Figure 3: The index or inverted table for the Huffman encoding table of Figure 2.
| Index |
Entry (Index in Huffman encoding table) |
| 0 |
-1 |
| 1 |
-1 |
| 2 |
-1 |
| ... |
... |
| 97 (a) |
2 |
| 98 (b) |
0 |
| 99 (c) |
1 |
| 100 (d) |
3 |
| 101 (e) |
4 |
| ... |
... |
| 127 |
-1 |
Format
for the Huffman Table
Encoding and decoding will be done using an encoding table implemented as an
array of HuffmanCodingEntry objects that have the following fields:
- value: the byte that entry represents.
- index: the index of the byte in the Huffman table or -1
if the entry is not in the table.
- weight: The number of times the byte appears in the file.
- parent: the position in the table of the node's parent after the
encoding tree is built. (The root of the encoding tree has parent
of -1.
-
childType: an indication of whether the entry is a left child
(false) or a right child (true) of its parent.
-
rightChild: a reference to its right child if the entry is not
a leaf, otherwise -1.
-
leftChild: a reference to its left child if
the node is not a leaf, otherwise -1.
For encoding, only the
value,
weight,
parent
and childType entries are relevant.
Initial scan to compute character counts (Step I of the encoding algorithm)
The computeCharacterCounts method of Figure 4 makes the initial pass
through the document to compute the character counts
(Part I of the algorithm).
Before computeCharacterCounts is
called, the childType of each entry is initialized to zero(false)
and the
parent, leftChild and rightChild values of each entry
are initialized to -1. The currentTableSize gives the number of
unique characters encountered so far in the document.

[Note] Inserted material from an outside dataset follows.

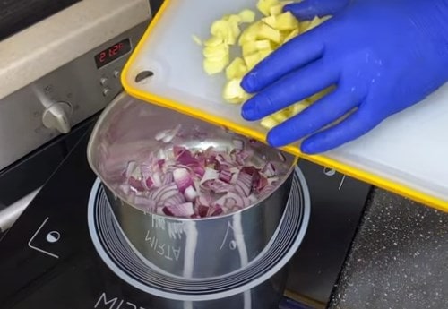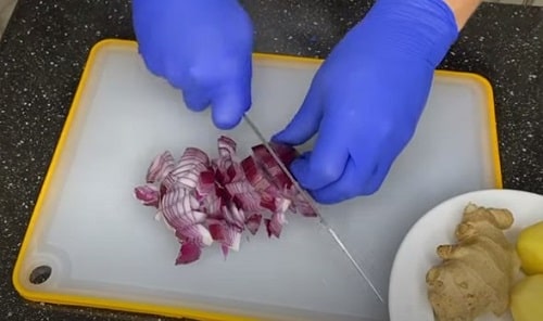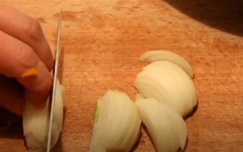 Покришите цибулину середнім кубиком, особливо не намагайтеся, оскільки далі овочі перетворимо в пюре.

Figure 3: Code to implement Step I of the Huffman encoding algorithm
private void computeCharacterCounts() throws IOException {
FileInputStream f = null; // could also use BitInputStream here
try { // we catch and rethrow the exception to be sure to close file
f = new FileInputStream(unencodedFileName);
int thisByte;
while ( (thisByte = f.read()) != -1) {
insertInTable(thisByte, 1);
unencodedFileSize++;
}
} catch (Exception e) {
throw new IOException("Exception " + e.getMessage() +
"reading " + unencodedFileName);
} finally { // always want to close the file no matter what
if (f != null)
f.close();
}
alphabetSize = currentTableSize; // now have the unique characters
}
private void insertInTable(int v, int weight) {
if (invertedTable[v] == -1) { // if v is not in the table add it
encodingTable[currentTableSize] =
new HuffmanCodingEntry(v, currentTableSize, weight, -1, false);
invertedTable[v] = currentTableSize;
currentTableSize++;
} else // add weight to the total weight of the character v
encodingTable[invertedTable[v]].addWeight(weight);
}
Constructing the non-leaf portion of the encoding tree (Step II of the Huffman encoding algorithm)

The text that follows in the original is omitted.